I’d like to question what our Chancellor is doing for those who aren’t at the university yet; for those whom an university education means possible attainment of the United States dream–even if in practice, a dream that is somewhat mythological. This proposed public authority model will deny access to the university through increased tuition, and certainly will limit accountability without a system wide check such as the Board of Regents. This proposal and the budget is a naked power grab, why have we put our trust in Mr. Walker, he has already proved to be no more competent than an angry toddler. He will have an immediate majority on the proposed Board of Trustees effective July 1st of this year!

I say, “austerity at what cost”? Privatization of education does nothing but deny working class families the ability to send their children to school. If you look at it critically, it fits perfectly in with Mr. Walker’s plan to create jobs for Wisconsin.

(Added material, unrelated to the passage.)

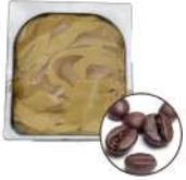
* SURGELE CREME GLACEE CAFE 2.5 L MD Code: 411137

We’re open for business, but exactly what kind of business? Minimum wage, family destroying business–if the answer is yes, then it makes sense for us to continue on the dangerous route of neoliberalist policy played off as quasiprivatization. A simple question; will the children of our generation have the same ability to attend this institution as I and the four generations ahead of me have had?

If this budget passes, it will be a call for a movement of young people to stand up and say that we are NOT okay with the way the world is being run, and that we demand–and will help contribute–to solutions to make our vision for a just world a reality. This isn’t a dream, rather this is a movement.

This movement will not be completely realized until young people are the ones that are taking back the halls and offices of our state capitol, and the halls and offices of our Congress nationally. If you decide to make these cuts now, we will stand up and fight back, because we can’t stop and we won’t stop. We are game changers–a part of a bigger family of forward thinkers–and we are here to stay.

I know that I intend to stick around as long as it takes to do my great great grandmother, Mrs. Anna Norsman, proud.